What would be the best DB for Inserting records at a very high rate.
The DB will have only one table and the Application is very simple. Insert a row into the DB and commit it but the insertion rate will be very high.
Targetting about 5000 Row Insert per second.
Any of the very expensive DB's like Oracle\SQLServer are out of option.
Also what are the technologies for taking a DB Backup and will it be possible to create one DB from the older backed up DB's ?
I can't use InMemory capabilities of any DB's as I can't afford a crash of the Application. I need to commit the row as soon as I recieve it.
If your main goal is to insert a lot of data in a little time, perhaps the filesystem is all you need.
Why not write the data in a file, optionally in a DB-friendly format (csv, xml, ...) ? That way you can probably achieve 10 times your performance goal without too much trouble. And most OSs are robust enough nowadays to prevent data loss on application failures.
Edit: As said below, jounaling file systems are pretty much designed so that data is not lost in case of software (or even hardware in case of raid-arrays) failures. ZFS has a good reputation.
Postgres provides WAL (Write Ahead Log) which essentially does inserts into RAM until the buffer is full or the system has time to breath. You combine a large WAL cache with a UPS (for safety) and you have very efficient insert performance.
If you can't do SQLite, I'd take a look at Firebird SQL if I were you.
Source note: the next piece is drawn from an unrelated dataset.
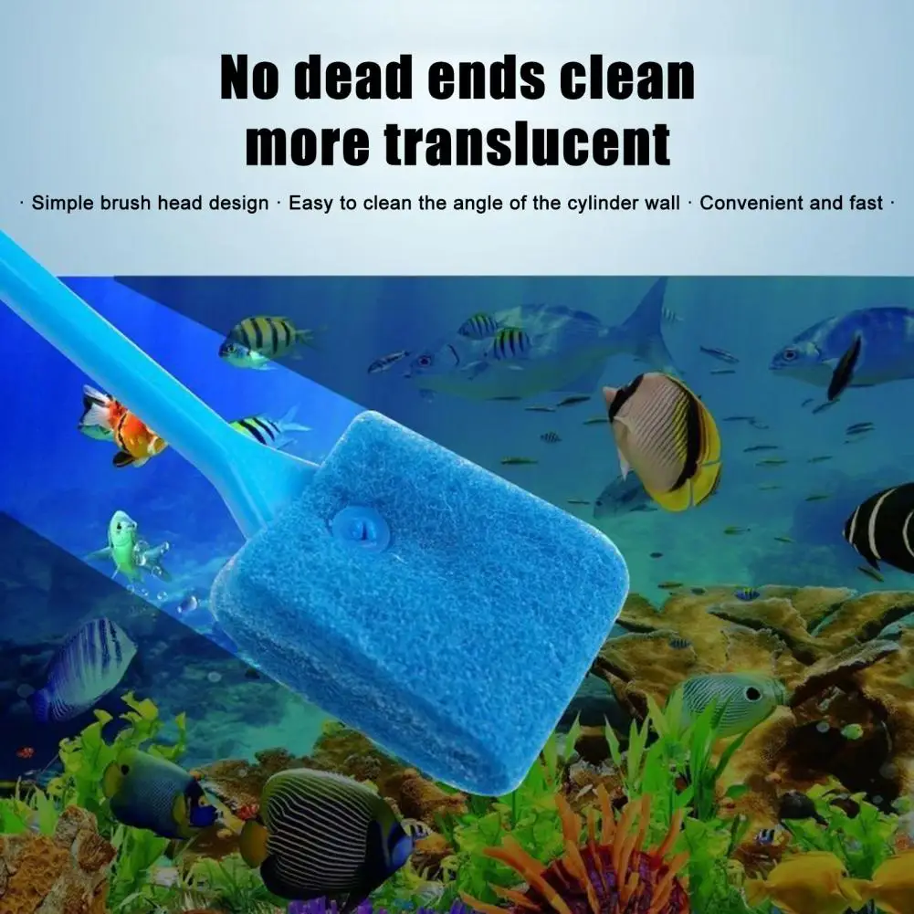Cepillo para pecera, raspador de algas para acuario con mango largo, cepillo de esponja de doble cara para acuarios de vidrio, peceras, cocina casera

To get high throughput you will need to batch inserts into a big transaction. I really doubt you could find any db that allows you to round trip 5000 times a second from your client.
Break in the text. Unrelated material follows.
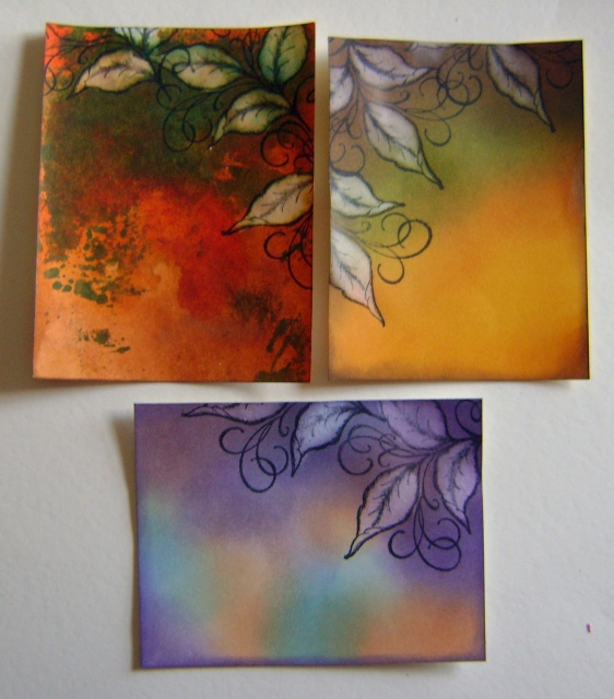 here are samples of water bleaching. Sponge or spray colors. Make sure one color is dark. Stamp open stamp in darkest area and color in with water and blot immediately.

Sqlite can handle tons of inserts (25K per second in a tran) provided stuff is not too multithreaded and that stuff is batched.
Also, if structure correctly I see no reason why mysql or postgres would not support 5000 rows per second (provided the rows are not too fat). Both MySQL and Postgres are a lot more forgiving to having a larger amount of transactions.
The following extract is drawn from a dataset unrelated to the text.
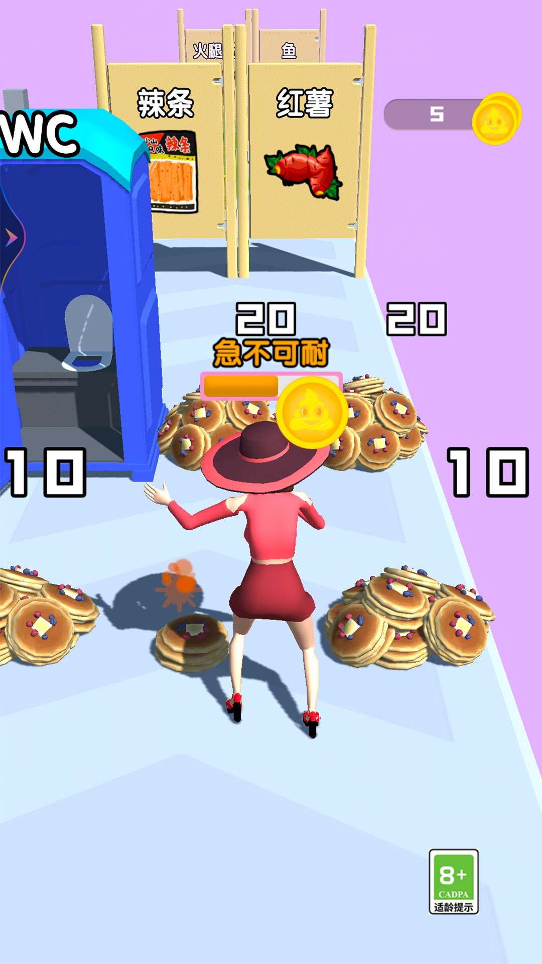 快去上厕所是一款很好玩的休闲游戏,游戏内的玩法相当有趣,你需要面对各种的美食诱惑,想办法算好相应的分数才可以闯关成功,这里的道路选择结果也是不同的,游戏过程非常考验玩家的反应力,在这里解决各种关卡难题,相当有挑战性,感兴趣的玩家赶紧来下载试试吧。

The performance you want is really not that hard to achieve, even on a "traditional" relational DBMS. If you look at the results for unclustered TPC-C (TPC-C is the de-facto standard benchmark for transaction processing) many systems can provide 10 times your requirements in an unclustered system. If you are going for cheap and solid you might want to check out DB2 Express-C. It is limited to two cores and two gigabytes of memory but that should be more than enough to satisfy your needs.